By LeAnn Nguyen
January 22, 2018
A common new year resolution is to try new things and expand our horizons. However, keeping this resolution may prove harder than it seems at first, since it may be difficult to break away from our usual routines without using up too much time or money.
Fortunately, trying to be more adventurous doesn’t necessarily mean that you have to make dramatic moves like travelling around the world. It’s possible to be more adventurous just by seeking out unusual experiences in your own backyard. Food is one example of an area where it’s not too difficult to be more adventurous, especially in a diverse city like Seattle.
These five restaurants all serve dishes that some people might consider unorthodox. For those of you who are looking to expand your palette in the new year, though, these are some excellent places to expand your culinary horizons.
Let’s start easy. Some might not even consider these mudbugs adventurous at all. But they’re still uncommon enough in the Pacific Northwest. Crawfish restaurants spread across Seattle with names like Crawfish King in the ID, Cajun Crawfish near Othello Station, and Crawfish House in White Center. They’re often served as a boil along with other seafood and each restaurant is known by the special sauces used to cook the crawlies.
Ethiopian restaurants like Cafe Selam in the Central District show that you can have a novel culinary experience not only by eating something unusual, but also by eating it in a different way. Ethiopian cuisine traditionally involves the use of “injera,” a large sourdough flatbread that’s shared among diners in a group. Each person tears off pieces of injera with their hands and uses them to scoop up entrées and side dishes. Café Selam offers platters of both meat and vegetarian dishes to enjoy with your injera, making it a great option for a wide variety of adventurous eaters.
Bun & Oc in the International District is straightforward with their name, which lists the two dishes in which they specialize. You may be familiar with “bún,” or Vietnamese vermicelli noodles, which is served here in many forms. “Ốc,” on the other hand, may be less well-known – it’s the Vietnamese word for snails. While not quite as common to eat them around here, it’s very common in Vietnam, which is reflected in the variety of ways in which Bun & Oc offer the mollusks.
Smoked Pig Head
If you want to share your food adventure with a few friends, complement your drinks with a smoked pig head at Radiator Whiskey, a popular downtown cocktail bar.

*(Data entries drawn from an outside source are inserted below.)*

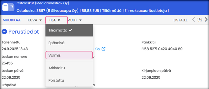 - Voit siirtää laskun Valmis-tilaan manuaalisesti:
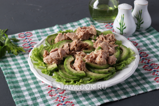 Посыпать листочками петрушки, полить оливковым маслом и подать к столу - салат с тунцом, авокадо, яйцом и огурцом готов к дегустации.
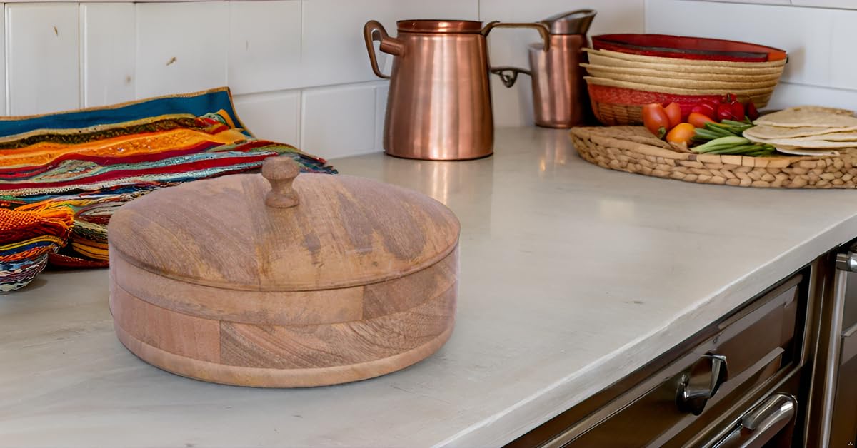 Panier Garde-chaud Tortillas HOMEKOKO Boîte à Pain D'angle En Bambou Double Couche Pour Comptoir De Cuisine, Bac De Rangement Panier à Tortilla Mexicain 22cm Chauffe-Tortilla et Garde Parfait Pour Garder Les Tortillas, Crêpes et Tacos au Chaud Presse à tortilla boulette de bois pâte à pizza presse à pâtisserie... Peut contenir un grand nombre de tortillas mexicaines ou de rotis indiens. Multifonction : vous pouvez utiliser nos supports pour tortilla / roti non seulement pour garder vos tortillas mexicaines à la farine ou au maïs, tacos mous ou rôtis indiens au chaud, mais également pour les produits de petit-déjeuner tels que les crêpes, les gaufres, les crêpes et le pain. En raison de la couleur chaude du bois, de l'élégance, du design simple mais robuste et durable, le support s'adaptera parfaitement à n'importe quelle table, des repas quotidiens aux occasions spéciales The Great Indian Bazaar Durable : chaque pièce est fabriquée individuellement à la main avec soin et attention dans de petites communautés artisanales du nord de l'Inde, en utilisant des outils artisanaux simples avec du bois de manguier de haute qualité, récolté légalement, obtenu par des chaînes gouvernementales autorisées afin de soutenir à la fois l'environnement et les moyens de subsistance des artisans Cadeau : notre gardien de tortilla mexicaine/roti indien est un cadeau parfait pour les occasions spéciales : mariages, pendaisons de crémaillère, anniversaires, fête des mères, fête des pères ou Noël Votre achat est également protégé par la politique de retours, de remboursement et de remplacement d'Amazon. PRESSE À TORTILLA en bois, presse-tortillera mexicain pour tacos, pour...
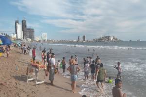 Por medio de redes sociales, la Policía de Mazatlán alertó a los bañistas sobre un fuerte oleaje en la playa.
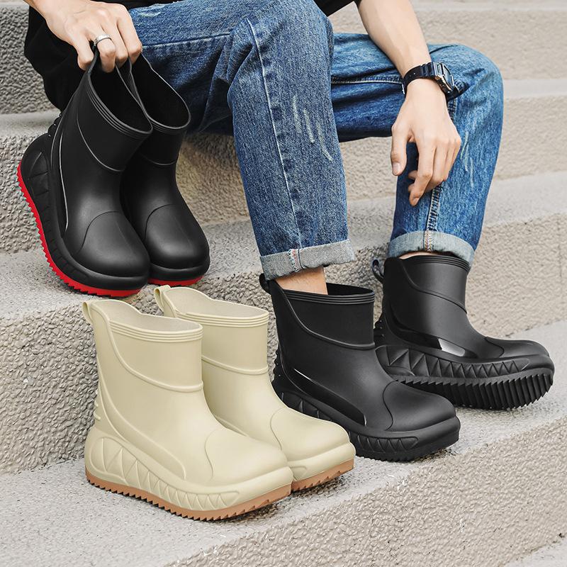 Модная дождевая обувь мужская короткая труба верхняя одежда мягкая подошва водонепроницаемая обувь для рыбалки на открытом воздухе нескользящие кухонные резиновые сапоги обувь для автомойки
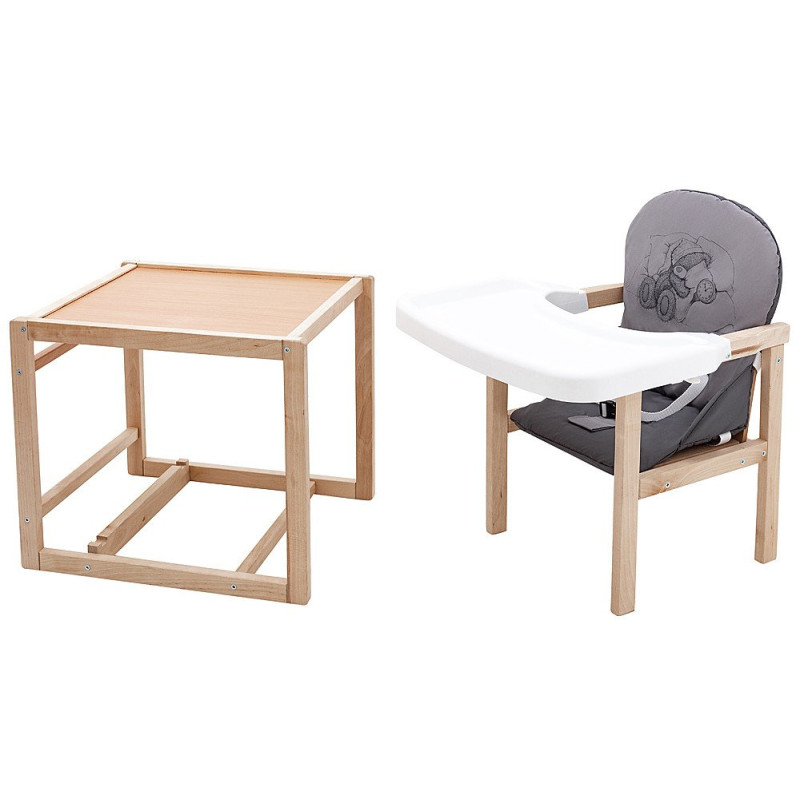 Пізніше модель трансформується у стільчик-парту для ігор та творчості. Для цього потрібно лише зняти стільницю. Чохол сидіння виконаний з матеріалу, що миється.
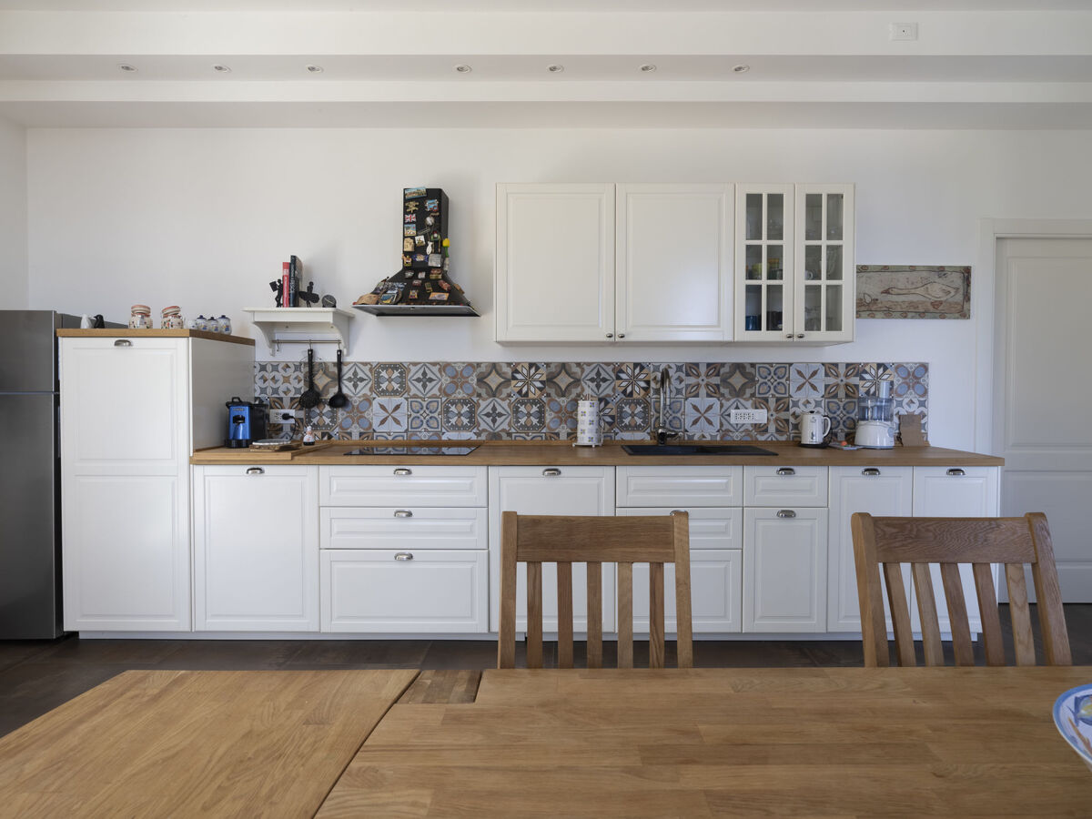 Cuisine (four, lave-vaisselle, 4 feux, grille-pain, bouilloire électrique, micro-ondes, cafetière électrique) avec table pour les repas.
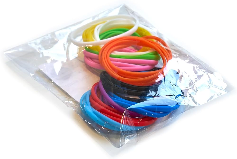 THE ULTIMATE PACK: Awesome 40-units pack of long lasting 1/8 inch wide silicone Band Jose rubber bands. Thin profile wrist bands and silicone cooking bands. These high-quality silicone bands are great for house, office and school projects.
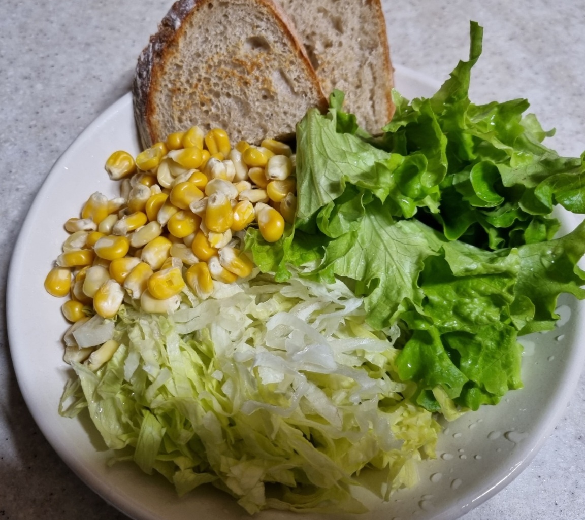 5. 접시에 채를 썰어둔 유기농 양상추와 이자벨레튜스, 초당 옥수수알을 담습니다.

The half pig head comes complete with tongue and ears, not to mention an abundance of tender, smoked meat. Make sure to call the restaurant a couple of weeks ahead of time to reserve your pork feast.
This self-styled “Global Street Food Restaurant” in Capitol Hill is known for making a wide variety of international foods inspired by the travels of its owner. But perhaps Nue‘s most unusual draw is the water beetles. If you’re worried about the texture, fear not—you only eat the insides, not the shells. Those who can look past the scaly exteriors of the insects will be rewarded with a well-seasoned, flavorful dish.